In another bed, a bus driver past fifty who’s recovering from a heart attack is so frustrated by the lateness of his meal he smashes a plastic plane he’s spent the day gluing together. I want to smash something, too. It’s evening, and I still don’t know why I’m there. Kay arrives with my things and demands answers from the nurses, but they are tight lipped. “Wait until doctors’ rounds,” they say without informing us the doctors aren’t coming until Monday.
I remain in the dark until Saturday night when an orderly asks me to pee into a bed pan. Under his impatient scrutiny, I manage a trickle. I am handing over the pee when I notice, written along the side of the container: “Richard Toon—diabetic.”

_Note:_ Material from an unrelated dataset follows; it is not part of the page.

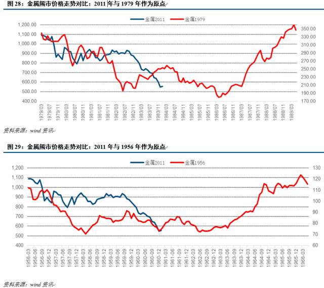 经过产能周期与超级周期的定位之后,我们可以对当前的2011年开始的大宗商品熊市进行一个性质的定位,显然,当前的商品熊市是超越了超级周期的,而更多的是一个产能周期级别的熊市。而从更短的超级周期来看,每轮超级周期的下跌一般都是在6到8年之间,所以,当前熊市的形态,基本可以类比1956年至1963年的熊市和1979年至1986年的熊市。而我们把1956年和1979年熊市进行了叠加,其走势具有惊人的相似性,所以,从技术走势上来看,这是完全可以参考的。因此,我们对2011年开始的本轮熊市与1956年熊市和1979年熊市分别进行叠加,得到如下图表。
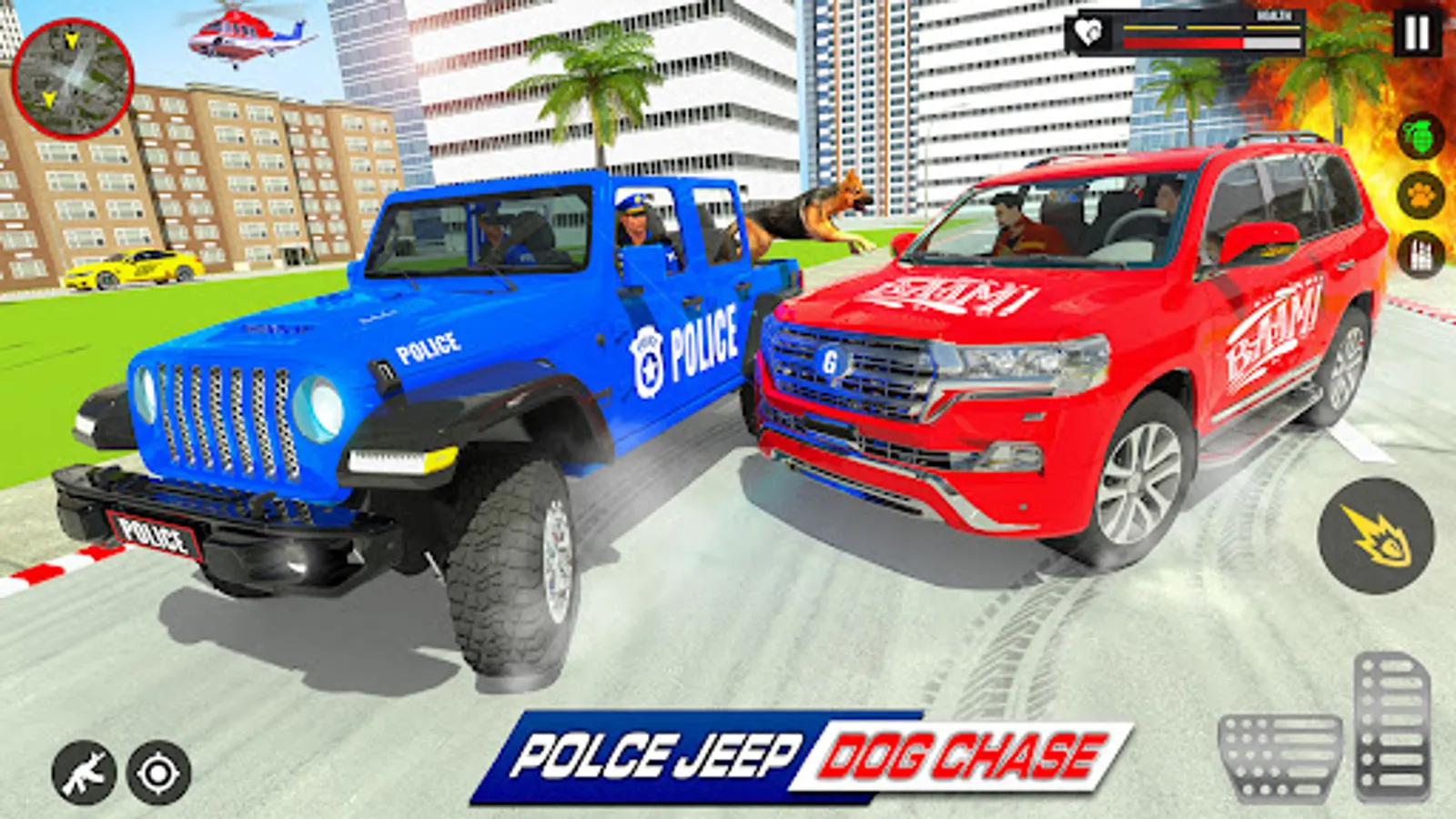 This season, play dog chase SUV car driving police chase game in Jeep games driving and action-adventure games, perform police cop dog duty and grab police criminals in SUV car simulator free realistic games. The criminals do heist in city and the police force has to perform their duty with cop dog chase to chase crime and arrest criminals in police arrest shooting games.

“Does this mean I’m diabetic?”
“Yes,” he says, striding away with my pee.
On Sunday a nurse wearing a bright blue uniform briskly demonstrates how to inject insulin into an orange and then into my upper arm. It’s simple to impale the orange but something else when I’m expected to plunge a needle into my own flesh. “Go on,” she urges and after taking a moment to notice light glinting off the steel spike, I slip it into the fat layer above my right biceps. There’s a dull ache. I repeat the procedure in the other arm with the same hesitation followed by pain. I don’t complain or wince. I want her to commend me for getting the job done—for not gumming up the works.